Hosting 60% of the global population (United Nations, 2015), the Asian continent was in 2015 the leading generating region of plastic waste with 82 Mt, followed by Europe (31 Mt) and Northern America (29 Mt). Latin America (including the Caribbean) and Africa each produced 19 Mt of plastic waste while Oceania generated about 0.9 Mt. However, the proportion of produced waste that was inadequately disposed varied across regions (Waste Atlas, 2016). We derived quantities of MPW from reported waste management data per countries and per capita GDP. As a significant level of uncertainty is associated with the data on municipal waste management, we introduced lower and upper ranges along with our midpoint estimate and thereafter reported the ranges in brackets. With an average of 63% of inadequately disposed waste for 2015, Asia released 52 (42–58) Mt of plastic waste into the environment, representing 65% of the global MPW generation. Africa, however, had the highest rate of unsound waste disposal with an average of 88.5% resulting in a total of 17 (10–20) Mt of unsoundly disposed plastic waste despite the low levels of resin production. Latin America and the Caribbean were the third generating region with 7.9 (6.7–8.3) Mt, followed by Europe with 3.3 (1.3–9.1) Mt, Northern America with 0.3 (0.03–3.0) Mt, and Oceania with 0.14 (0.05–0.32) Mt. Interestingly, except with Asia, the regions with unsoundly disposed plastics, do not correspond to production volumes of plastics in these regions; the Middle East and Africa account for only 7% of resin production while US and Europe each account for ~20% of global plastics production. The unfair practice of importing waste, especially e-waste, from developed nations, is to a large part responsible for this problem in Africa for example (Schmidt, 2006).

We ranked contributors by mid-point estimate of MPW generation at regional and national scale (Table 2). The generation of waste from the Asian continent was distributed between Southern, Eastern and South-East Asia with respectively 18.4, 17.4 and 11.7 Mt y−1 of annual MPW generation. Inputs from China with 17.2 Mt y−1, and India with 14.4 Mt y−1 dominated the waste generation figures for Asia. These two countries provide over a third of the global MPW generation. The Philippines were the third generating country with 4.52 Mt y−1 but Manila, its capital, was predicted as the largest urban centre for the generation of MPW with at least 0.81 Mt y−1 for the agglomeration, the same annual amount as produced by countries like Sudan or Algeria. Five of the top 10 countries for mismanaged plastic waste identified by this model include only 5 of the top ten countries identified by Jambeck et al. (2015) for 2010. Except for Tanzania, all ten were identified in the top 20 countries in this previous work. However, at least a part of this discrepancy might be due to differences in methodology adopted in previous and present studies. The finer granularity of the present model allows us to predict local scale accumulation. Solid waste is mostly an urban phenomenon (Hoornweg et al., 2013) and our model confirms this by predicting substantial accumulation around cities and near axes of transportation with 89% of global MPW produced over 10% of the total modelled landmass, and 64% over less than 1.5% (Fig. 3). High resolution renderings of MPW generation on land are presented in Supplementary Figure 4. We ranked global urban centres by MPW generation. Manila, the largest contributor predicted by our model, was followed by Cairo and Kolkata with 0.53 and 0.48 Mt y−1. Sao Paolo in Brazil was ranked fourth with 0.47 Mt y−1. The rest of the top 10 cities were in Asia with Bangkok (0.45 Mt y−1), New Delhi (0.41 Mt y−1), Shanghai (0.5 Mt y−1), Kuala Lumpur (0.29 Mt y−1), Beijing (0.28 Mt y−1) and Guangzhou (0.27 Mt y−1).
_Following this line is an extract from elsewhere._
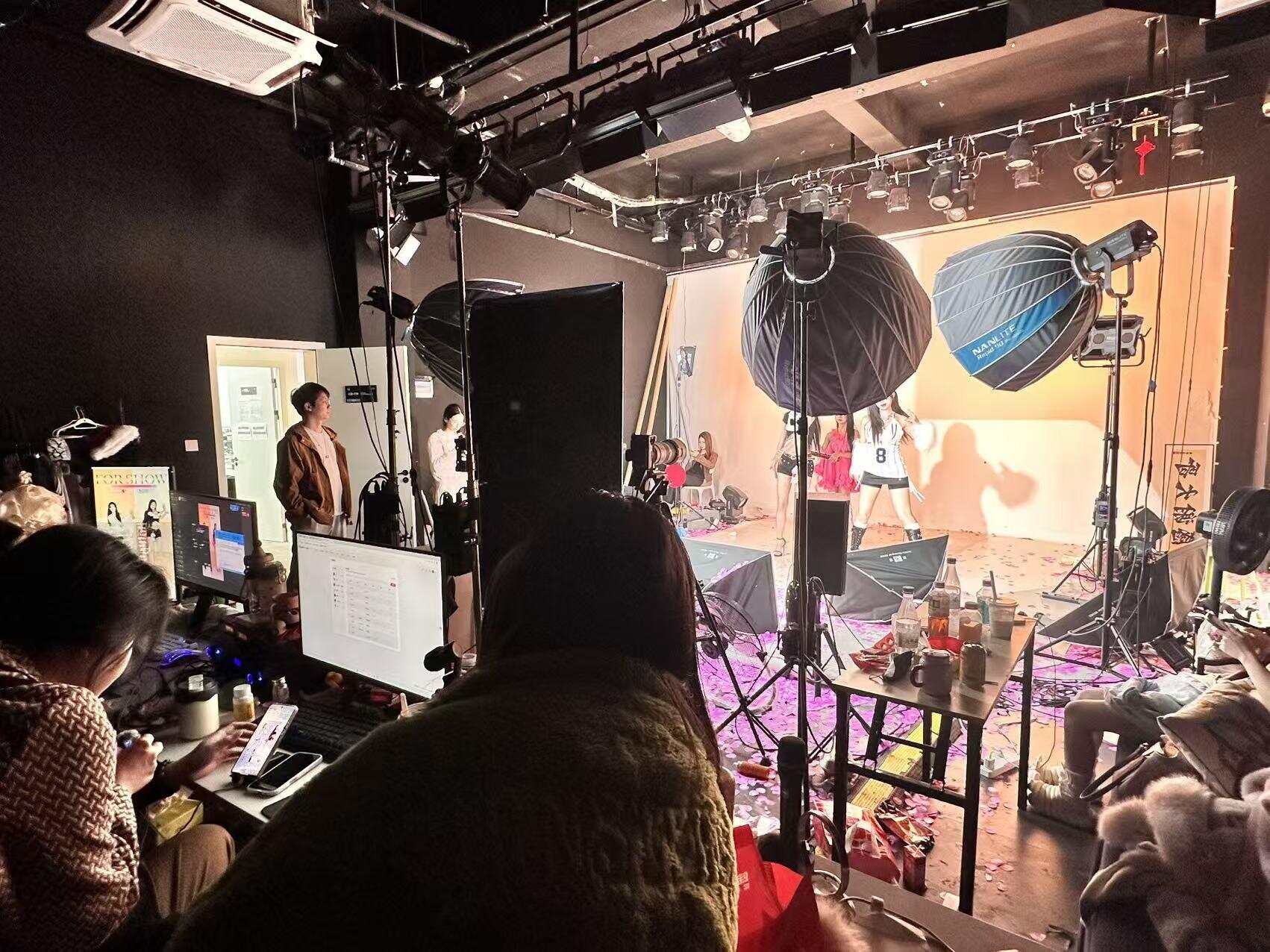 在广州番禺一处远离地铁的写字楼里,晚上7点整,五间直播间同时亮起。灯光师早已完成编程,VJ(视觉工程师)在后台调试着舞台背景动画,运镜师手持云台,紧盯镜头里8位女主播的一举一动——她们正以近乎军事化整齐的队形跳完一支韩团舞,汗水浸湿了打底衣,但笑容始终挂在脸上。

Table 2 Top regional and national generators of MPW in Mt y−1 for 2015
Fig. 3
figure 3

Distribution of annual MPW generation over total land surface area. Modelled cells were classified by rate of MPW generation (0–1, 1–10, …, >10k kg y−1). Total land surface area (blue, expressed in % of total modelled surface) and total MPW generation (grey, expressed in % of total generation) are represented for each cell category

Future scenarios

We predicted future plastic waste generation by considering population (United Nations, 2015) and GDP (IMF, 2016; OECD, 2014) growth rates per country. By 2020, under a business-as usual-scenario for plastic consumption, our predictive model suggested the world will produce above 200 Mt of municipal plastic waste annually and around 230 Mt by 2025. This is in good agreement with previous projections of solid waste generation (Hoornweg et al., 2013) with daily estimates above 6 Mt in 2025. Considering global average proportion of plastic in municipal solid waste (10.9%, lower: 8.3%, upper: 13.2%), a daily input of 6 Mt of solid waste may represent around 239 (182–290) Mt of annual generation of municipal plastic waste. Based on long term projections of population and GDP per countries, we estimated the global municipal plastic waste generation could reach 300 Mt annually by 2040 and 380 Mt by 2060. This increase is also in good agreement with municipal solid waste generation projections which are not expected to peak within this century (Hoornweg et al., 2013). To predict the total mismanaged fraction (MPW) of future plastic production, we initially considered two scenarios. In scenario A, we assumed the case of business-as-usual where the level of waste management remains at the current status in different countries worldwide. In scenario B, we assumed waste management efforts will improve with increased investment in infrastructure as the economies in individual countries grow in the future.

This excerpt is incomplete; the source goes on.